Acquis par Rodin auprès de l'antiquaire Joseph Altounian le 11 septembre 1912.

BOREUX 1913 : Hôtel Biron, 282, "Statue fragmentaire d'un personnage assis les mains posées sur les genoux. Il est vêtu de la shenti. Manquent la tête, l'épaule et le haut du bras gauche, une partie de l'avant-bras droit et la main droite, tout le bas des deux jambes et les deux pieds et la partie inférieure du siège. Calcaire. Haut. 40 cent. Ancien empire. Estimée deux cents francs."

Donation Rodin à l’État français 1916

Commentaire historique

La statue fut probablement achetée auprès de l’antiquaire Joseph Altounian qui l’expédia dans un lot d’objets le 31 août 1912 et le décrivit ainsi :  « 1 statuette person. assis tête manque calcaire 250 » (ALT 147, archives musée Rodin).

 

L’antiquaire Joseph Altounian, écrivait à Rodin du Caire le 10 Août 1912 : « Cher Maître, J’ai l’honneur de vous faire savoir que je viens de rentrer aujourd’hui même au Caire après avoir accompli le voyage dans la Haute-Égypte dont voici les principales étapes. Éléphantine, Abydos, Phylae, Héracleopolis, Sakhara, Memphis, etc., ou j’ai séjourné pour recueillir pour votre collection des fragments de bas-reliefs, granit, calcaire, basalte, bref tout ce que j’ai jugé pouvant vous intéresser.

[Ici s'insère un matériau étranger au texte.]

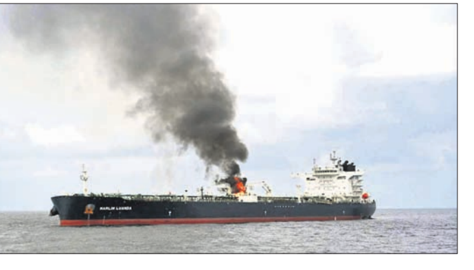
ମର୍ଜାଣ୍ଡ ଶିପ୍ରେ ଥିବା ଭାରତୀୟ ଦେଲିକା ଟେକ ଟ୍ୟାଙ୍କର ଏମ୍ଭି ମାଲିନ୍ ନୁଆଣ୍ଡା ଚାର୍ଟର୍ଡ କରିଥିଲେ।

Ce lot renferme 24 pièces des bas-reliefs et des reliefs en creux des grands et des petits, le tout appartenant aux différentes dynasties ayant régné dans les régions que j’ai traversées, plus 19 pièces de fragments en ronde bosse le tout présente la sculpture des meilleures dynasties. » J. Altounian était parti du Caire en juillet 1912, et l’on peut suivre son périple sur son agenda (archives Altunian) : Minieh, Mallawi, Assiout, Abou Tig, Assiout, Sohag, Achmim, Abou Tig, Baliana, Abydos, Baliana, Keneh, Kous, Louxor, Sohag, Achmim, Sohag, Mallawi, Le Caire, où il arriva le 7 août.

 

Le 28 Août 1912, Altounian écrit au sculpteur : « Cher Maître J’ai l’honneur de vous annoncer que je suis arrivée à Paris depuis quelques jours. Je me suis présenté 77 rue de Varenne mais on m’a dit que vous étiez absent ; jour cela. Je vous adresse la présente à votre adresse à Paris espérant qu’on vous la faira suivre. Donc je vous prie cher Maître de me dire le jour que vous rentrez à Paris afin que je vienne vous soumettre le bordereau avec la nomenclature des objets que je vous ai expédié du Caire.». Le 6 septembre, Altounian recevait de Rodin « la somme de frs 850 (huit cent cinquante francs) comme prêt pour m’aider à dégager les 6 caisses antiques de la Douane ; Monsieur Rodin n’est pas engagé à acheter ce lot d’antiquités s’ils ne lui plaisent pas. Il achètera que ce qu’il lui plaira.». Rodin choisit un grand nombre d’œuvres de ce lot dont la statue Co.1118 et versa à l’antiquaire 5000 francs le 11 septembre 1912.


 

La statue fut exposée à l’hôtel Biron, parmi les chefs-d’œuvre de la collection égyptienne, là où Charles Boreux la décrivit à l’été 1913 dans l’inventaire qu’il fit en vue de la donation à l’État français.

La statue a été photographiée dans les années 1950-1960 (voir image historique ci-contre, archives musée Rodin). Elle est montée sur son socle moderne en marbre noir et exposée sur un socle plus grand, sans doute en pierre. Ce socle en marbre noir a été créé par la maison André pour l’exposition Rodin collectionneur qui s’est tenue dans la chapelle de l’Hôtel Biron en 1967-1968.